*WHAT YOU WILL DO*
Starting at the top of the listing, extract every line up to and including the one with "Descrição: Mochila em". Pictures stay out of the copy.

*DATA EXCERPT*
————

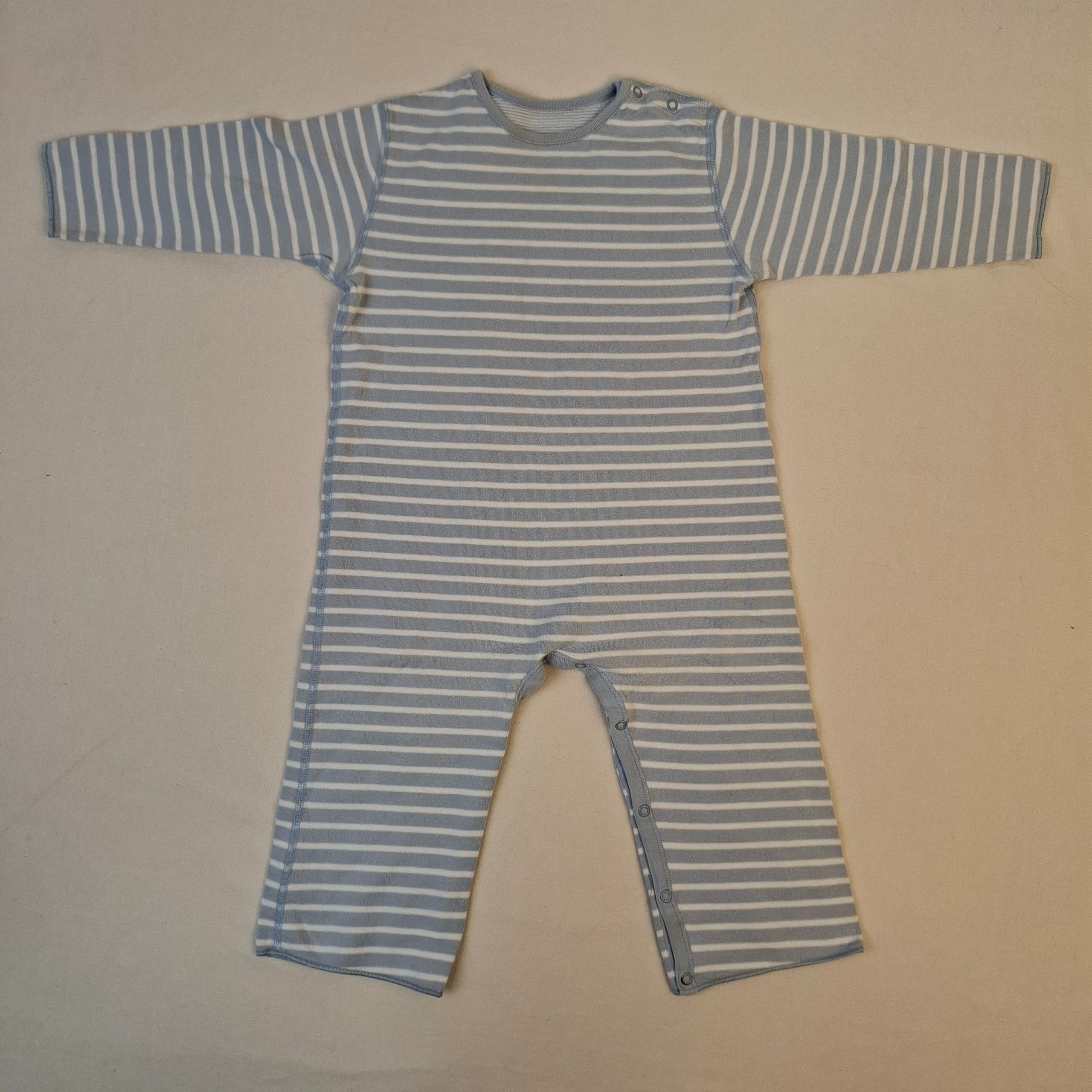 - Combinaison longue style marinière bleue et blanche, taille estimée 6 ans.
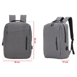 Descrição: Mochila em nylon com capacidade máxima de até 17 litros. Possui três compartimentos, sendo o principal com divisórias para notebooks de até 15,6 polegadas e bolsos internos em diferentes tamanhos. Conta ainda com bolso lateral e suporte USB externo. Largura 30 cm Medidas aproximadas para gravação(CxL): 23 cm x 18 cm Peso aproximado(g): 472 Profundidade 12 cm Altura 40 cm
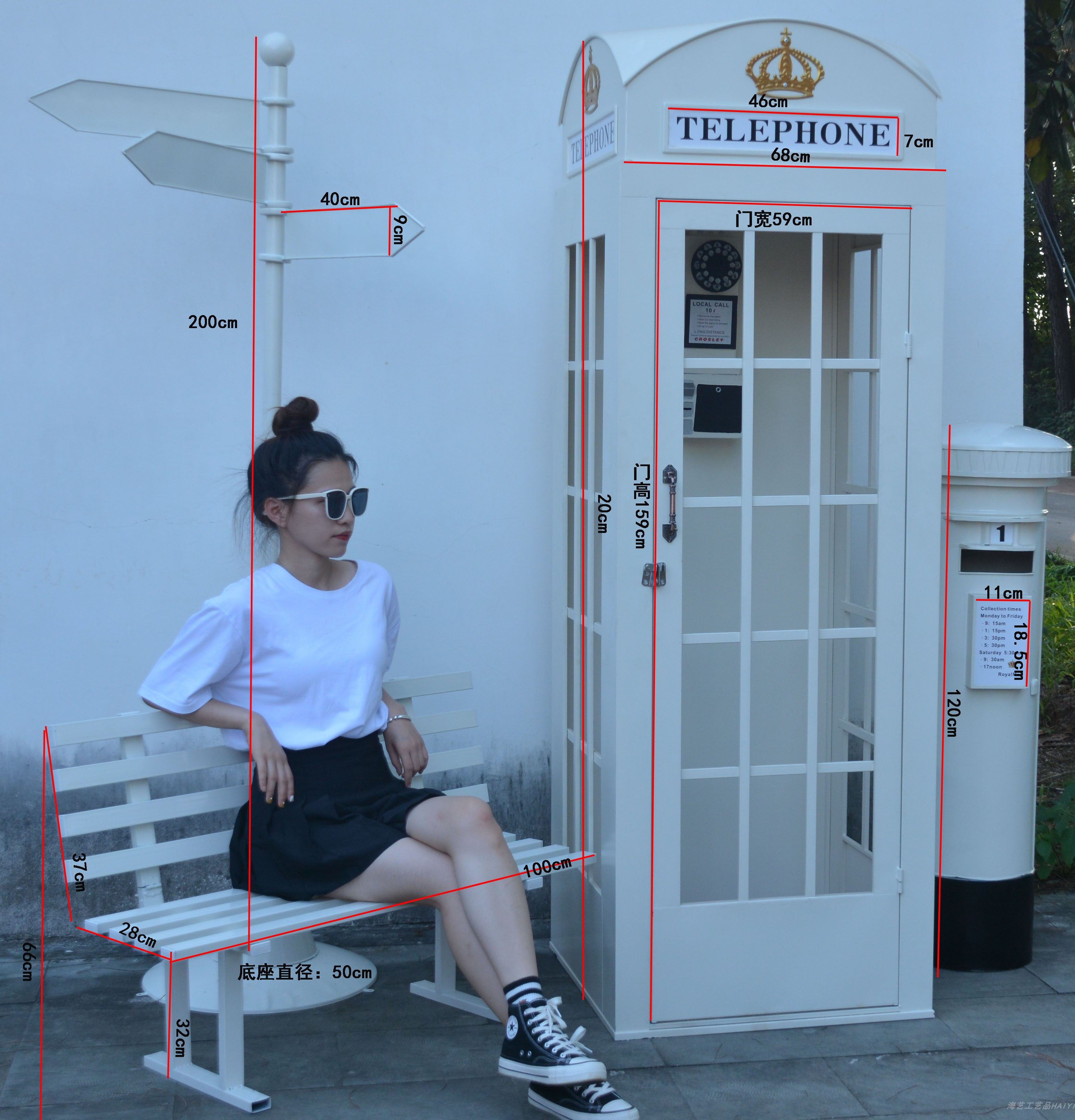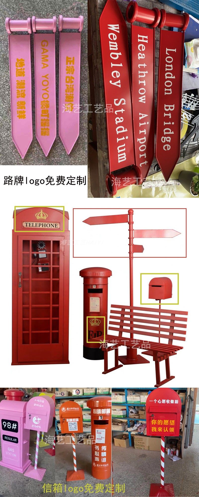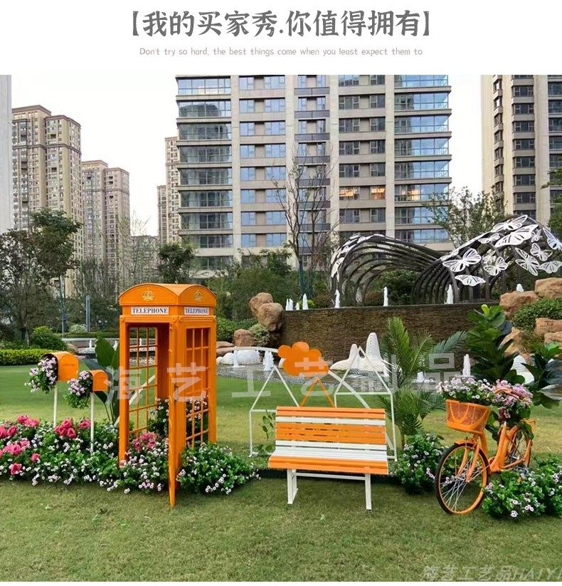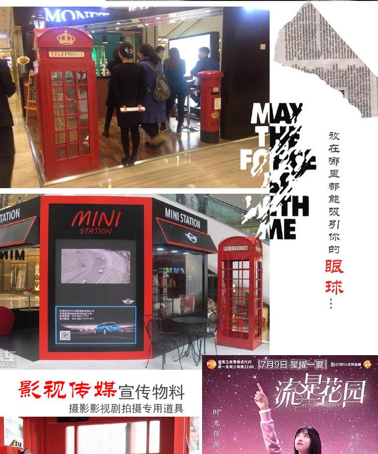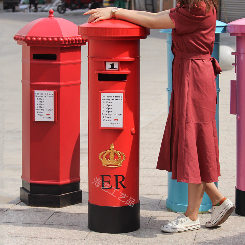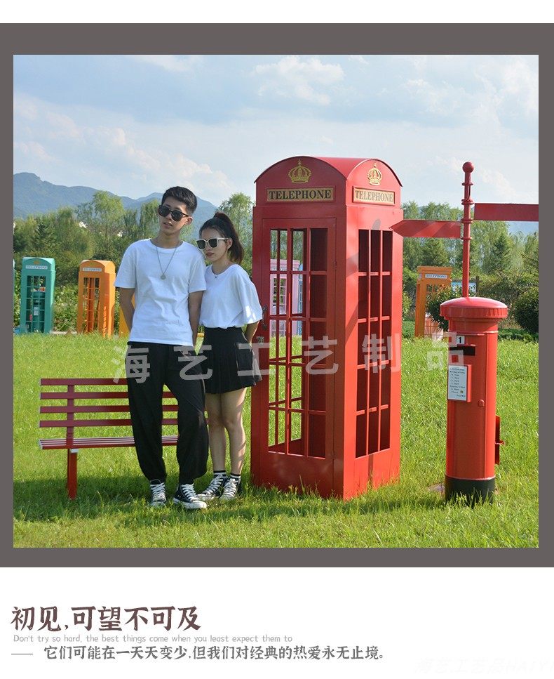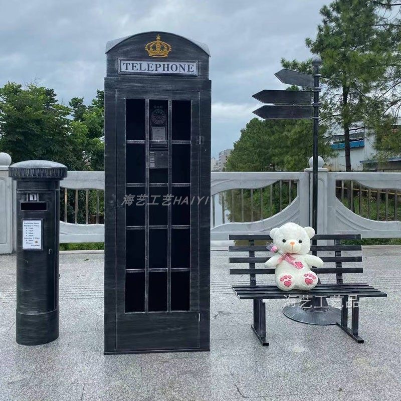 Large Iron Art Mall Display Props, Pink Telephone Booth Mailbox Ornaments, Holiday Supermarket Floor-Standing Soft Decoration

————

*COMPLETED EXERCISE*
 - Combinaison longue style marinière bleue et blanche, taille estimée 6 ans.
 Descrição: Mochila em nylon com capacidade máxima de até 17 litros. Possui três compartimentos, sendo o principal com divisórias para notebooks de até 15,6 polegadas e bolsos internos em diferentes tamanhos. Conta ainda com bolso lateral e suporte USB externo. Largura 30 cm Medidas aproximadas para gravação(CxL): 23 cm x 18 cm Peso aproximado(g): 472 Profundidade 12 cm Altura 40 cm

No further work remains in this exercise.